# Advent of Code 2021 in Kotlin - Day 1

Publish date: Dec 2, 2021
Tags: kotlin aoc

Advent of Code seems to be very well put together, but I’ve never had a go before. I’ve also been meaning to learn a bit of Kotlin, so I figured I’ll put the two together. At least for one day, no promises on doing all 25.

## Part 1

The first problem is here. We’re given a list of depth measurements and need to work out how many measurements increase from the day before.

My instinct was to fold over the list keeping the previous value and count in the accumulator.

``````fun increases(depths: List<Int>): Int {
val tail = depths.drop(1)

return tail.fold(Pair(0, head)) { acc, i ->
if (acc.second < i) Pair(acc.first + 1, i)
else Pair(acc.first, i)
}.first
}
``````

The syntax for a tuple (`Pair`) is what I’d expect. It would of course be nice to have some syntax built in, and this isn’t too bad, but it does make reading a simple fold difficult. It was at this point that I realised there is no linked list in Kotlin’s stdlib, which adds to the clunkiness. Copying the list to get the `tail` is less than ideal too.

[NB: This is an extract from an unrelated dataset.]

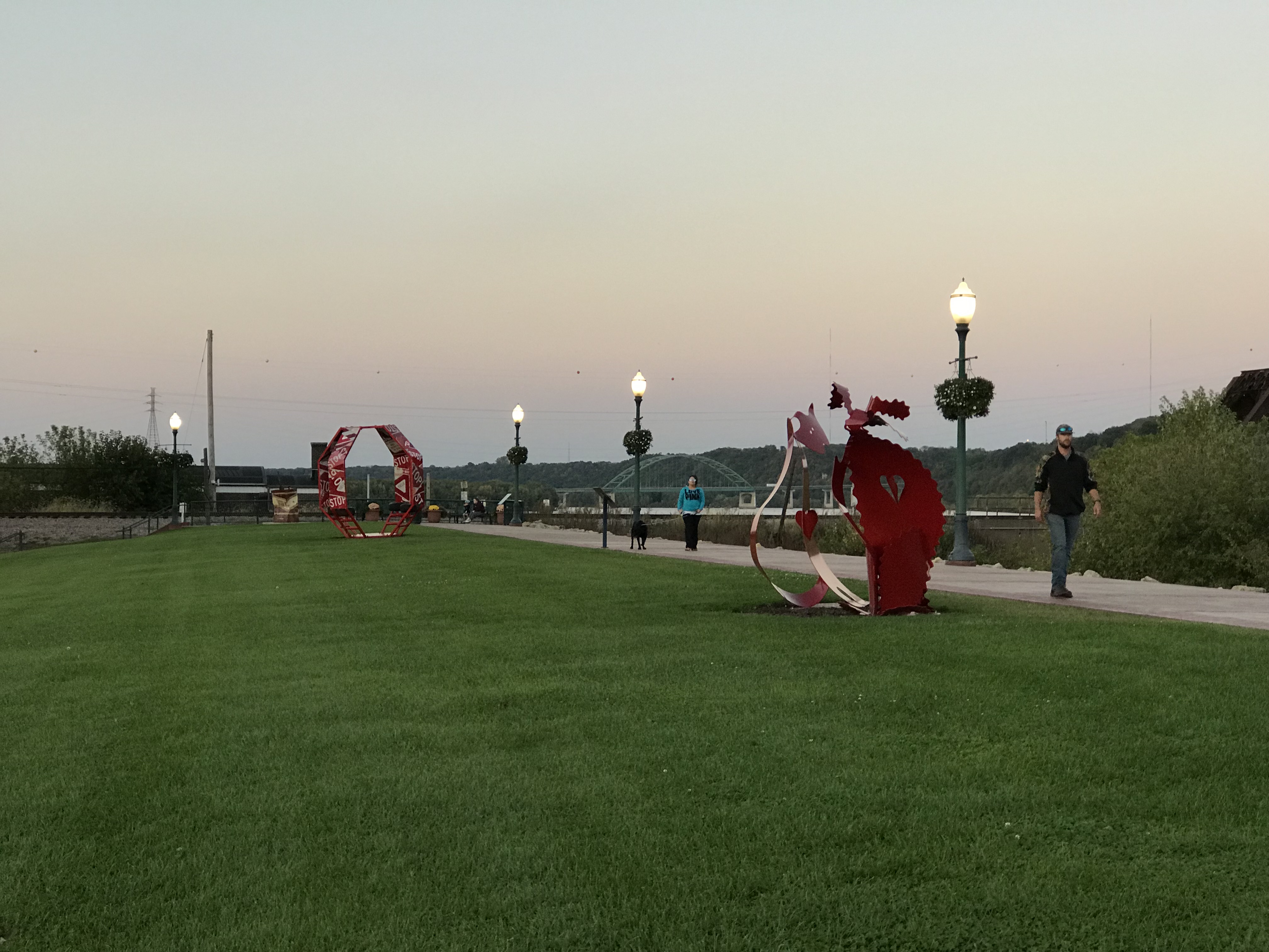 Dubuque is located right on the Mississippi River. It is a cool city with a beautiful downtown and river front areas. I arrived about dinner time my first day – the plan was to arrive mid-morning, but they over sold the flight and asked for volunteers to be bumped and, once the incentives made it worth me losing about 1/2 a day of my trip, I took it! I arrived later than planned, but ended up with a $1000 travel voucher and a free lunch! So, I didn’t have as much time my first day as I hoped, but I did get to go to the Mississippi River Walk for a nice stroll – it was a warm, breezy evening and there were several people out enjoying the wonderful walk-way along the river.

I figured a recursive function wouldn’t really clean this up much, but I had a go none the less.

``````fun increases(depths: List<Int>): Int {
tailrec fun loop (prev: Int, count: Int, list: List<Int>): Int {
return if (list.isEmpty()) count
else {
val newCount =
if (list.first() > prev) count + 1
else count
loop (list.first(), newCount, list.drop(1))
}
}

return loop (depths.first(), 0, depths.drop(1))
}
``````

It’s not too bad to read, and I really like that you can explicitly declare your intent of tail recursion. I need to read the docs on this to see if it’s just sending a hint, or if it will actually fail to build if it’s not able to tail call optimize.

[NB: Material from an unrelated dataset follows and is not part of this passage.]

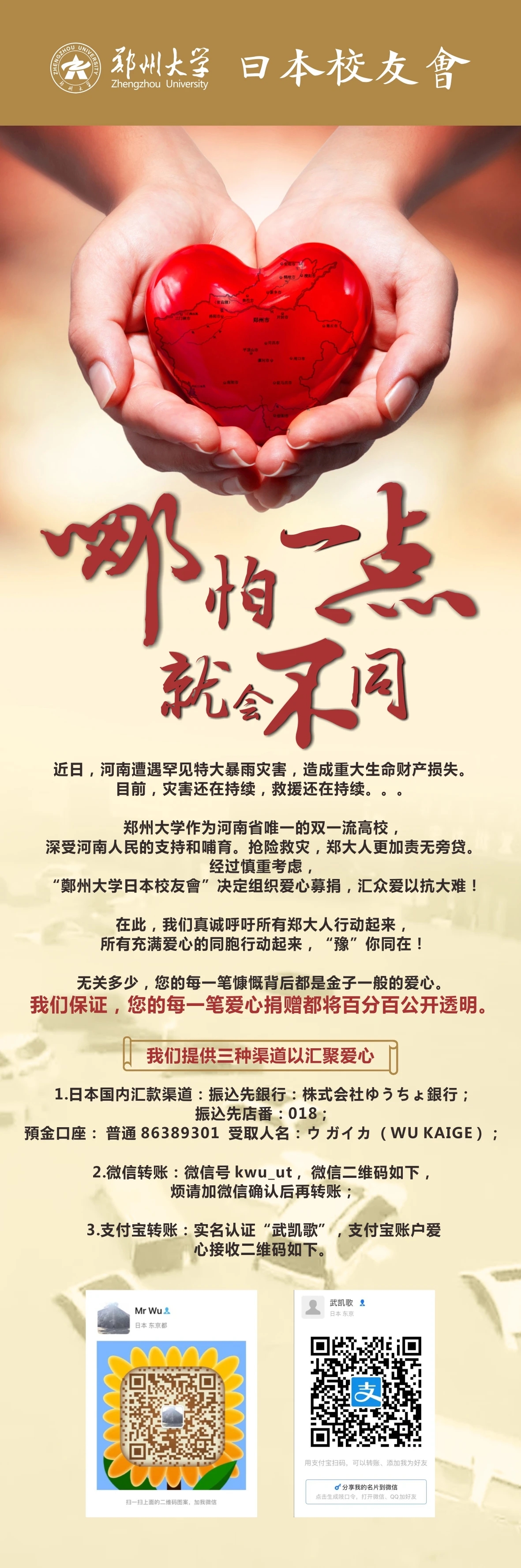 使人感動的不僅僅有鄭大校友,還有眾多來自社會各界的愛心人士。華盛頓校友會收到了一位七十多歲老先生的捐款,老先生看到新聞后,主動找到華盛頓校友會捐贈1000多美元,他說:“我雖然不是河南人,也沒有在鄭州大學讀過書,但是我特別喜歡河南這個地方。”遠在日本的材料科學與工程學院2006級校友武凱歌看到新聞后焦慮萬分,他想“一定要做點什么,哪怕一點點兒,就會不同!”他率先提出為家鄉、為母校捐款的提議,日本校友會(籌)負責人迅速響應,立即啟動募捐籌劃。臺灣高雄大學法學院楊戊龍教授在了解鄭州災情之后,很是掛念,“作為老師的本能,想到可能有學生需要幫助。”于是,他主動聯系到我校法學院鄭磊老師,向鄭州大學捐款10000元,希望幫助鄭大學子渡過難關。

So, as I expected, the simplest approach is going to be an imperative one:

``````fun increases(depths: List<Int>): Int {
var count = 0
for (i in 1 until depths.size) {
if (depths[i] > depths[i - 1]) count++
}
return count
}
``````

I don’t think there’s anything I can say here, so on to part 2!

## Part 2

We’re now told to do the same thing, but with the sum of a sliding window of three measurements. One thing I had liked when I first starting looking at Kotlin was that the stdlib has plenty of stuff in it. I searched the docs for “window” and sure enough, there’s a tidy little function called `windowed` that made it very simple to implement.

``````fun windows(depths: List<Int>): Int {
return depths
.windowed(3)
.map { it.sum() }
.let { increasesImp(it) }
}
``````

I was looking for a pipe of some sort so that I could compose the function calls and `let` appears to do the job quite nicely.

## Update

After reading the solution to this problem on the Kotlin blog, I missed a very obvious pattern - that we don’t have to compare the sums of two windows as the middle numbers will always be the same and cancel each other out - we only have to compare the lowest and highest numbers. The blog post uses `windowed()` to do this, but we can actually make a small modification to our imperative solution to cover both parts of the problem like so:

``````fun increases(depths: List<Int>, windowSize: Int): Int {
if (windowSize < 1) throw IllegalArgumentException("windowSize must be 1 or greater")

var count = 0
for (i in windowSize until depths.size) {
if (depths[i] > depths[i - windowSize]) count++
}
return count
}
``````

To solve the first part of the problem we set the window size to 1, and set it to 3 for the second part.